The first administration of the SAT occurred on June 23, 1926, when it was known as the Scholastic Aptitude Test. This test, prepared by a committee headed by Princeton psychologist Carl Campbell Brigham, had sections of definitions, arithmetic, classification, artificial language, antonyms, number series, analogies, logical inference, and paragraph reading. Several sections of the SAT were minor revisions of those appearing in a test that Brigham had given to incoming freshman to Princeton University in 1925. For example, sub-test three (analogies) of the Princeton test was used verbatim (except for the ordering of the questions) as the SAT analogies sub-test. The Princeton test was itself derived from material taken from intelligence tests administered to recruits to the United States Army during World War I. Like many intelligence tests of the time, the non-mathematical questions on the SAT put considerable weight on word definitions and usage. The SAT was administered to 8,040 students (60% of them men) at over 300 test centers. The majority of men were applying to Yale University, University of Pennsylvania, or Princeton University, and the majority of women were applying to Smith College, Wellesley College, or Vassar College. The test was paced rather quickly: test-takers were given 97 minutes to answer 315 questions. The raw score of each participating student was converted to a score scale with a mean of 500 and a standard deviation of 100. This scale was effectively equivalent to a 200 to 800 scale, although students could score more than 800 and less than 200.

=== 19281929: Math removal and more changes ===
In 1928, the number of sections on the SAT was reduced to seven, and the time limit was increased to slightly under two hours. In 1929, the number of sections was again reduced, this time to six. These changes were designed in part to give test-takers more time per question. For these two years, all of the sections tested verbal ability: math was eliminated from the SAT. The test developers, using test score data from 1926 and 1927 to calculate correlations between the various SAT sub-tests, felt that the mathematics sections were measuring a different component of intelligence than the verbal sections, and should be removed to be re-developed later as sub-tests with a score separate from that of the verbal sections.

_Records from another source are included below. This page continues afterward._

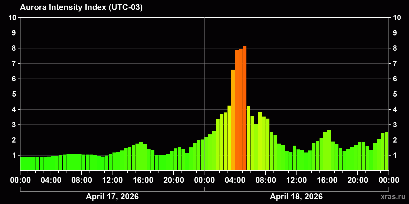 Changes in the auroral intensity index from 2026-04-17 to 2026-04-18 local time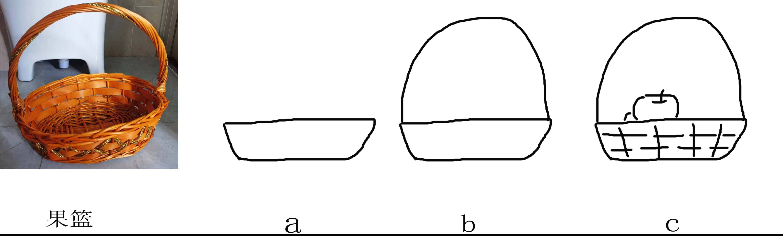 倒梯形概括果篮主体,有许多藤条扭成的果篮提手减省为单曲线表示,最后添加少许的果篮的特征线条。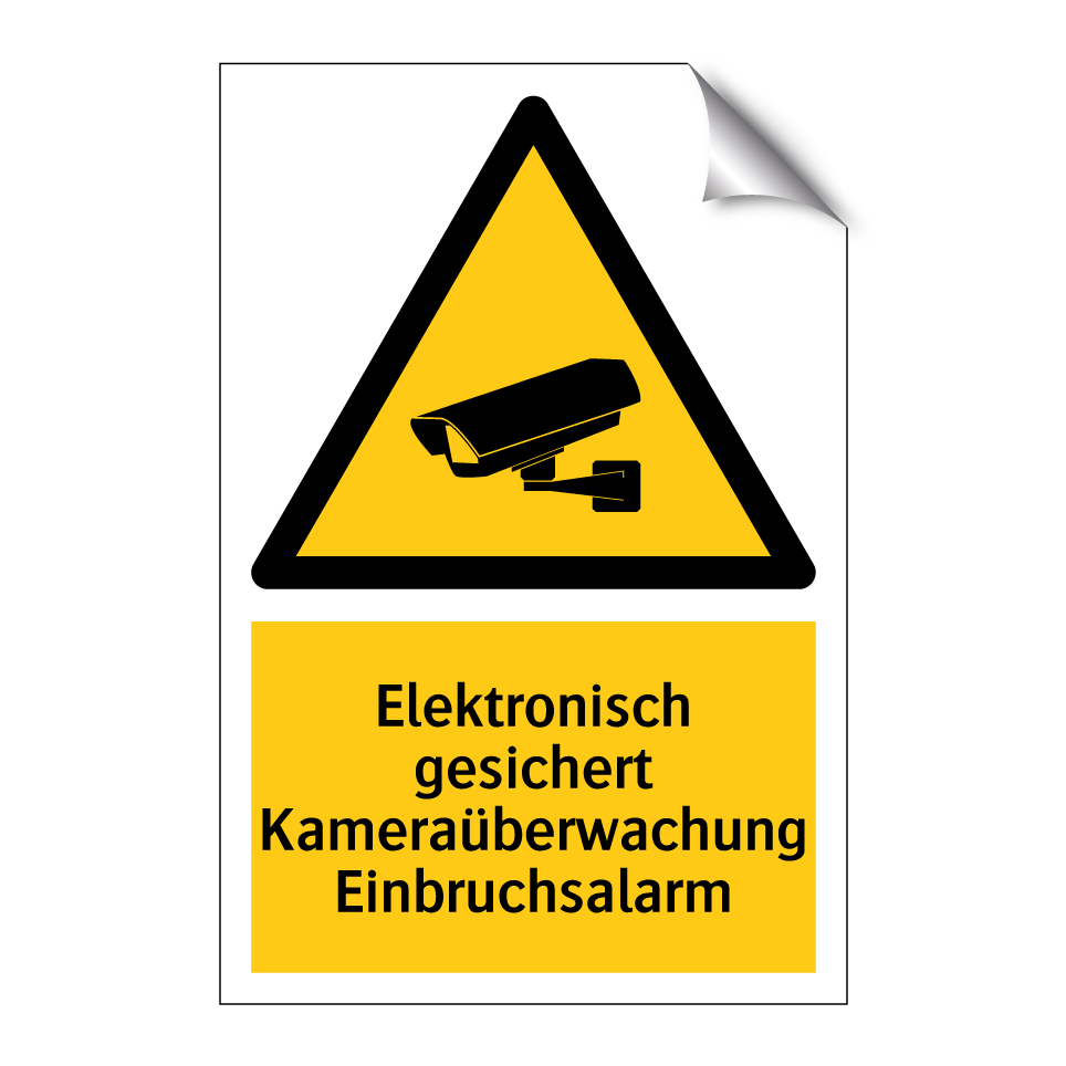 Warnschild mit dem Text Elektronisch gesichert Kameraüberwachung Einbruchsalarm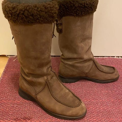 Kotimaiset karvavuoriset Lapikkaat, nahkaa. Lämpimät, rasvattu säännöllisesti, väri ruskea. Olleet käytössä noin viitenä pakkastalvena, kunnes jäivät pieniksi.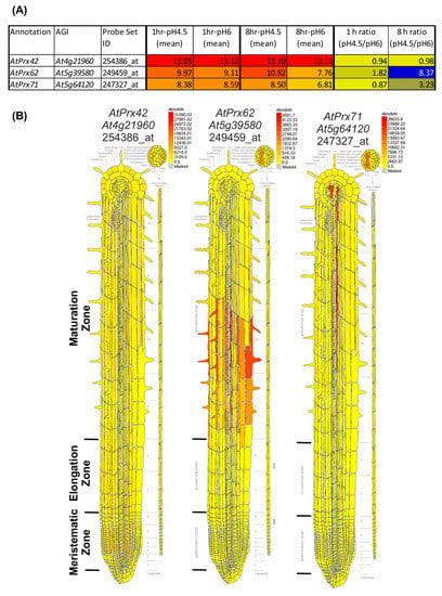 Supplementary materials can be found at https://www.mdpi.com/1422-0067/21/19/7191/s1. Supplementary Table S1: Transcriptomics data mining for CIII Prx multigenic family expression following low pH treatment of A. thaliana roots reveals AtPrx62 as the most promising candidate gene for involvement in low pH-induced cell death in roots. Supplementary Figure S1: Identification of root zones in 5 day old seedlings of A. thaliana (Col-0) based on activity of CIII Prx and O2•− distribution. Supplementary Figure S2. Measurement of H2O2 in root tips of A. thaliana (Col-0) after treatment at pH 5.8 or 4.6. Supplementary Figure S3. CIII Prx activity in A. thaliana Col-0 and atprx62-1 (KO mutant) treated at pH 5.8 or 4.6 for 2 h. Supplementary Figure S4. NBT reaction showing O2•− distribution in roots of A. thaliana Col-0 and atprx62-1 (KO mutant) treated at pH 5.8 or pH 4.6 for 2 h. Supplementary Figure S5. Biological replicates for whole-mount in situ hybridization.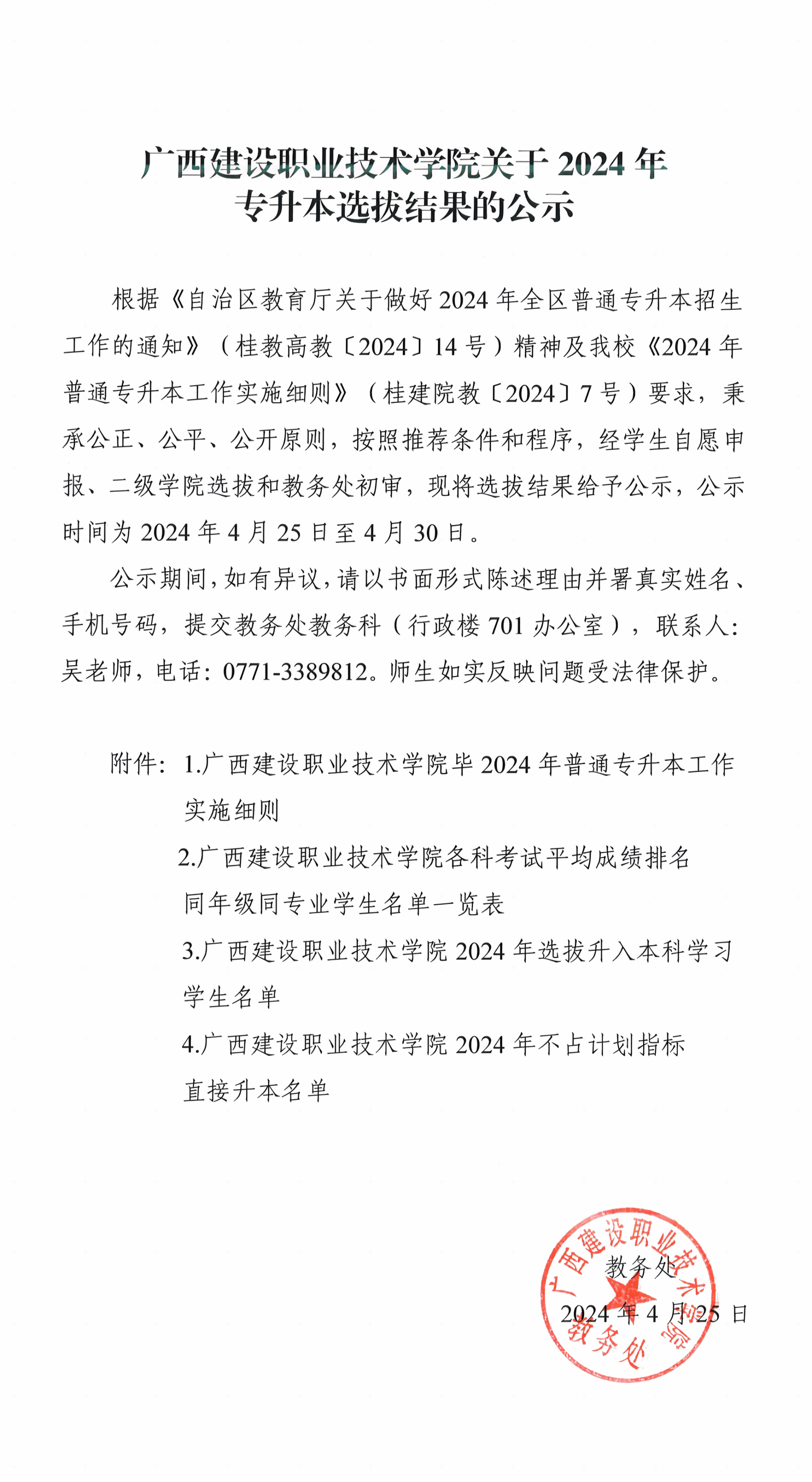 星空·综合(xingkong)官方网站关于2024年专升本选拔结果的公示

=== 1930s: Continuous changes ===
In 1930 the SAT was first split into the verbal and math sections, a structure that would continue until 2005 when a new writing section would be added. The verbal section of the 1930 test covered a more narrow range of content than its predecessors, examining only antonyms (with six possible answer choices), double definitions (filling in two blanks with provided words to best complete a sentence), and paragraph reading. In 1936, analogies were re-added. Between 1936 and 1946, students had between 80 and 115 minutes to answer 250 verbal questions (over a third of which were on antonyms). The mathematics test introduced in 1930 contained 100 free response questions to be answered in 80 minutes and focused primarily on speed. From 1936 to 1941, like the 1928 and 1929 tests, the mathematics section was eliminated. When the mathematics portion of the test was re-added in 1942, it consisted of multiple-choice questions.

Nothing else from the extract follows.